Eye | Art, Food, Architecture
Amazing in both its form and contents, the white futuristic building of Netherlands film museum (2012, Delugan Meissl Associated Architects) is a at least half-day endeavour; you won’t want to leave neither the engaging film history and technology exhibitions, nor the beautiful, light-flooded café overlooking the IJ river (especially the stairs/terrace outside on a sunny day, munching on a fried something). Bonus: free ferry ride from the center, allowing you to admire different facets of this architectural/cinematographic gem while approaching. (P. S. Don’t go anywhere near the souvenir shop. No, really. I warned you.)
ADE | Clubbing
Yes, the Amsterdam Dance Event makes the city even fuller of people and hotel prices soar even higher. But it’s such a treat to see how - supported by the city government - this 5-day mid-October music festival and conference paints the city yellow and fills it with the creme de la creme of all electronic genres, celebrating the rave culture. Beautiful statement of the importance of electronic music in Dutch culture and Amsterdam life - pick your vice in their extensive schedule of clubs, museums, cinemas, warehouses or other pop-up spaces and go.
(Need one more layer of persuasion? This account of De School booker shows heavy seas of love through the eye of an industry insider.)

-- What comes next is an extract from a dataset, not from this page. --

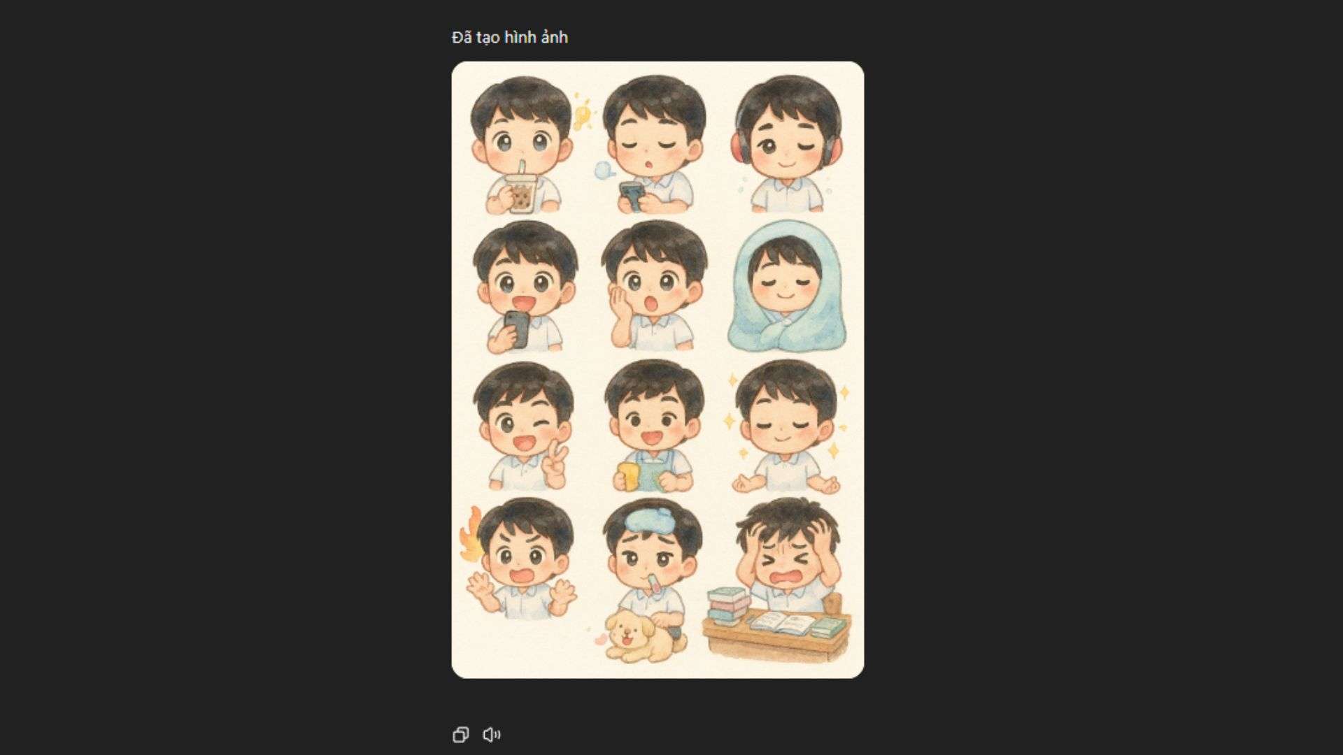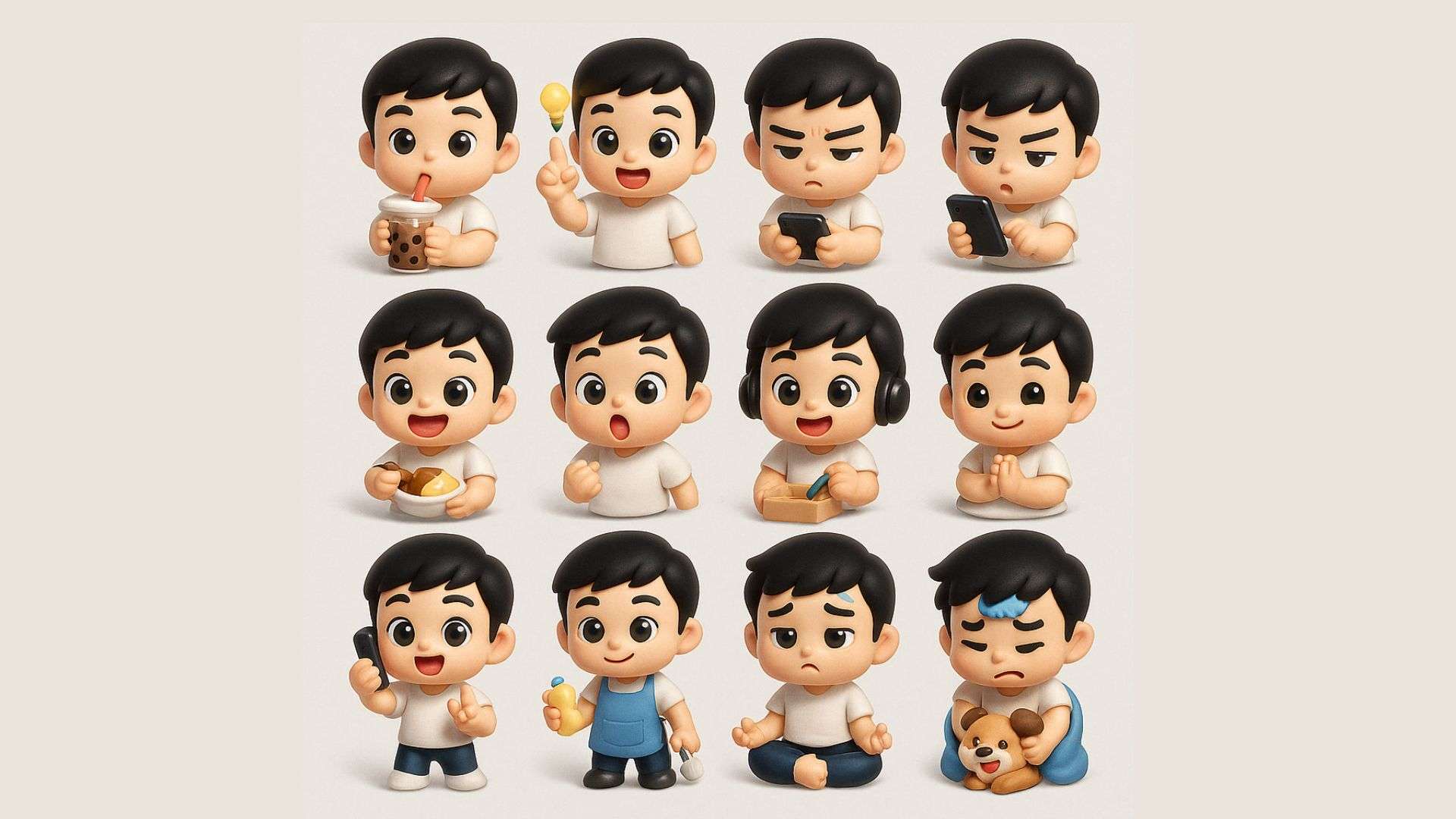 Tạo bộ sticker chibi 3D gồm 4×4 hình nhân vật nam châu Á tóc đen ngắn, mặc áo sơ mi trắng tay ngắn. Phong cách: hoạt hình 3D mềm mại, bóng bẩy như sticker vinyl, tỉ lệ đầu to thân nhỏ, cảm xúc cường điệu. Mỗi sticker thể hiện một hành động như: uống trà sữa, nảy ý tưởng, ngủ, nhắn tin, ăn cà ri, ngạc nhiên, nghe nhạc, quấn chăn, chụp selfie, mở hộp quà, làm việc nhà, thiền, hoảng loạn, chơi với chó, cảm cúm với túi chườm, học bài giận dữ. Có đổ bóng nhẹ dưới mỗi sticker.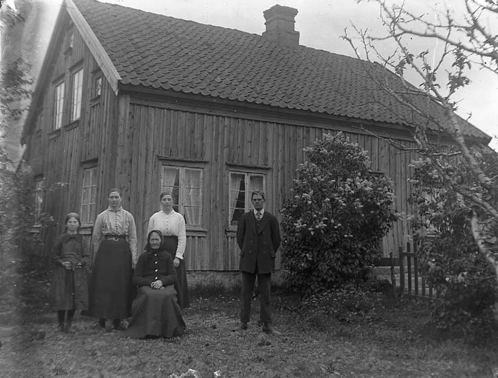 Enligt noteringar: "Gruppfoto vid husknuten"

Stedelijk Museum | Art, Food, Architecture, shopping
Obvious choice, I know - but this bathtub (2012, Benthem Crouwel Architects) never ceases to amaze me by both its outside and inside. Permanent collection scores just as high as the temporary shows and museum's visual identity is just awesome in its totally stripped-down simplicity. Can’t imagine being in Amsterdam without visiting it, this is a serious long-term relationship. Love-hate one thanks to its souvenir shop - you may want to rob it, too. (But don’t worry, you won’t; spending half your salary on simplist stationery and colourful kids games will do.)
Door74 | Cocktails
No more a secret but still worth playing the speakeasy game. This small, well-regarded prohibition-style bar is just coupla steps from the aforementioned Tuschinski - hence a well recommended liquid extension of this 1920’s voyage. The menu is playful, staff sweet, cocktails expert and well served, décor dim as should be - true professionals. Be one yourself and book in advance.
De School | Art, Food, Architecture, Clubbing
Institution whose mission, DJs and atmosphere make it well worth the trip to the western outskirts. While the former school building might induce nostalgia, its current animation certainly does not: parties and concerts with top-notch names, art exhibitions, great café and restaurant, gym with yoga classes and more.. You’ll want to go back to school. (I do.)
Haarlemmerstraat | Art, Food, Shopping
Running through the hip Jordaan district, this street is a beautiful shopping / dining / leisure area. Just take a casual stroll west-bound from the busy Centraal, lick some local designer’s shopping windows (lot of eye candy everywhere), stop by The Movies cinema, cute art deco movie theater with good bar, or choose one of many restaurants along.
Westergasfabriek | Food, Architecture, Clubbing, Shopping
You can also finish in the soothing Westerpark and Gashouder area, greeted by its wonderful red-brick industrial architecture and multitude of good restaurants and other passtimes. We chose the Troost brewery for its no-brainer combination of good burgers and 10+ on-site brewed beers, but maybe you prefer sth else; such as petting dwarf goats, clubbing in the former gasholder with 3500 other people (home of the famous Awakenings club events) or contemplating the neighbouring community gardens.